The project, in collaboration with Dr. Brown, focused on mathematics in ecology. Dr. Brown and Vargas showed 15 students how to develop a transect survey, collect data and analyze said data.
“Dr. K focused on chemistry with eight students, and Dr. D and LeBlanc focused on physics and biomechanics with 14 or so students,” Vargas said in an email interview.
According to Ramirez, the academy served 40 high school, transfer, and community college students last summer, 30 of which had the intent to attend Cal Lutheran.
“My biggest hope for ALLIES in STEM is that we are able to provide much needed resources and opportunities for students majoring in STEM disciplines,” said Vargas in an email interview. “More specifically, I hope to see students from traditionally underrepresented groups benefit from ALLIES in STEM project activities.”

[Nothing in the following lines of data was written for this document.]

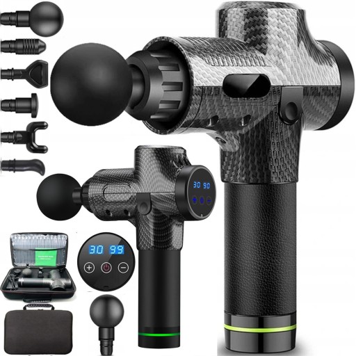 ➡️ Masażer pistolet masujący CARBON GUN PRO + Końcówki
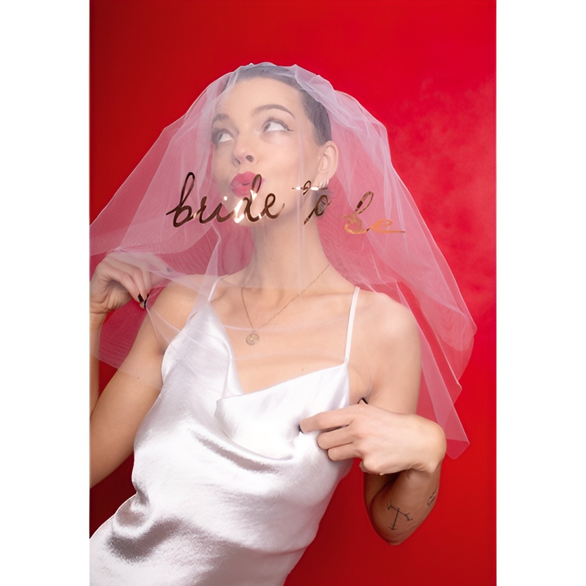 Witte sluier met het opschrift Bride to be in roségouden kleur. Ongeveer 63 cm lang voor een elegante, luchtige uitstraling. Ontwerp met dubbele laag dat volume en beweging geeft zonder zwaar te worden. Voorzien van een kam voor comfortabele en veilige bevestiging.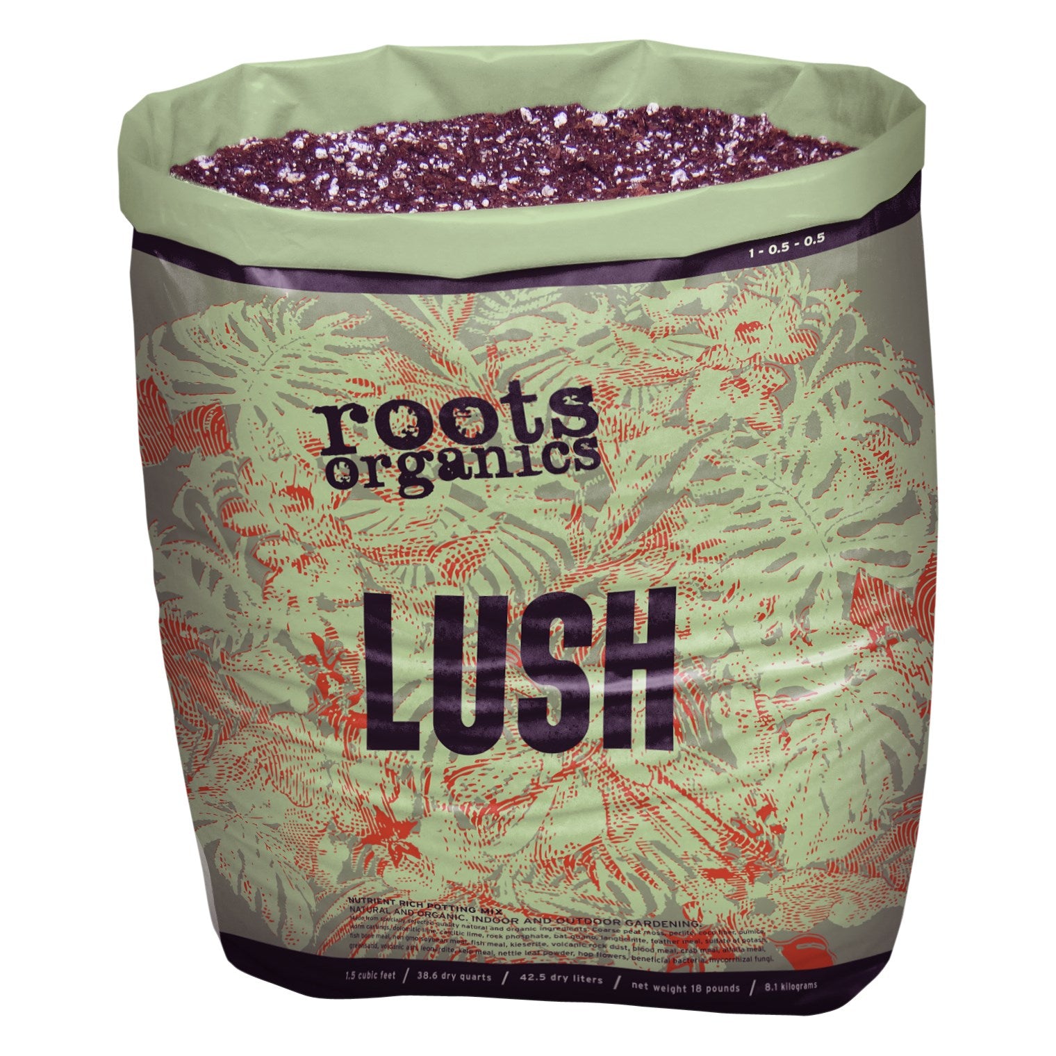 Roots Organics Lush growing mix is an amended peat-based media that delivers absolute consistency and control. What makes Lush superior to the competition? Nutrient-rich, this robust mix combines a well-measured primary fertility package with ideal foundational components to maximize yield in mature flowering plants. The precise ratio of peat, coir, perlite, pumice and worm castings has been added to create ideal water holding capacity and drainage. Rich in sustaining nutrients, this media is designed for a water-only or reduced nutrient schedule. In fact, most plants can happily feed on Lush for up to eight weeks without additional support. Roots Organics Lush is ideal for the gardener who wants a heavily amended soil packed with the best natural and organic nutrients on earth. Derived from Earthworm castings, dolomite, limestone, phosphate rock, bat guano, langbeinite, feather meal, sulfate of potash, fishbone meal, soybean meal, fish meal, kieserite, volcanic rock dust, blood meal, crab meal, alfalfa meal, greensand, volcanic ash, kelp meal, nettle leaf and hop flowers. Soil Amending Ingredients: Peat moss, earthworm castings, pumice, perlite, and coco fiber

Cal Lutheran originally received this grant after gaining the title of “Hispanic Serving Institution.” According to Ramirez, this means that the university’s population consists of over 25 percent Hispanic students.
“I’m really excited because [ALLIES in STEM] gives our students a sense of belonging and a family on campus,” Lopez said. “It gives them a place where they can relate to others that look like them, that maybe talk like them, that have similar backgrounds to themselves, and to feel like they’re not alone.”
After the grant ends in five years, ALLIES does not want these new resources to simply disappear. Ramirez said that they would try and build a sustainable aspect to the new programs by renovating a new building to become an ALLIES center and setting up funding for future research.
“The ALLIES in STEM project is a great opportunity for the Cal Lutheran community,” Vargas said in an email interview. “We’ll have more tutoring in STEM, more robust instructional support via supplemental instruction, and a physical space to build community. ALLIES in STEM will also allow us to fund more students to participate in faculty-mentored research, internships, DA-ships, tutor and student worker positions.”
These are the positions that, Ramirez hopes, will spur on future students to continue researching and working in the STEM fields.